Они оба старались разбить стену непонимания, а она поднималась все выше.
— Уедем, а? — Лена делала последнюю попытку спасти себя и его. — Будем где-нибудь на сортоиспытательной станции. Будем ходить в телогреечках в стеганых. И никто не будет знать, что под этими телогреечками прячется самая большая, самая верная... Вот это самое слово... Которое любит темноту, тайну и иносказание...
— А ты сможешь оставить своих?
— Свое кубло, хочешь сказать? — она замолчала, увядая. — Конечно, нет. Не оставлю.
— Кубло... Я этого слова, по-моему, тебе не говорил. Это слово тебе кто-то сказал. Ты знаешь, чье это слово?
— Слушай, правая рука! Неужели можно позволить, чтобы по милости твоего Касьяна научная мысль годами стояла на месте! Это же немыслимо, чтобы никого не нашлось, кто мог бы взять на себя риск сохранения истины, сделанных находок, позволяющих науке удержаться на плаву. Ведь рано или поздно откроются, откроются же глаза. И что мы тогда увидим? Грандиозное пепелище! Отставание страшное!

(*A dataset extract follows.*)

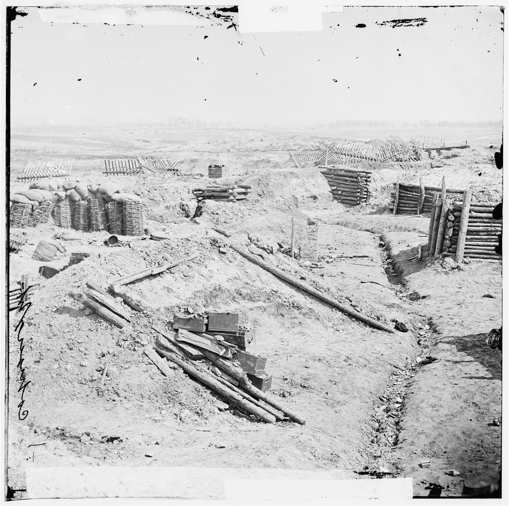 Petersburg, Virginia. Interior view of Confederate works near Elliott's salient

Как можно — знать, быть ученым, иметь возможность — и ничего не сделать!
— Ты меня хочешь образумить! — закричал он. — Я же это самое и делаю!
— Ладно, делай. А этот твой... Альгвазил. Этому что надо от тебя?
— Ты о ком?
— Да этот же, рыжий. В крапинах! Тебя видят с ним на улице. Беседуете.
— Это один мой... Давний мой оппонент по вопросам нравственности...
— Не трать усилий, я знаю, кто он. Вот и ты виляешь и врешь. Скажешь, нет?
— Я тебе могу все подробно рассказать.
Она согласилась выслушать и, не освобождаясь из его объятий, но напряженная молчала минут двадцать, пока он ей рассказывал все о полковнике Свешникове.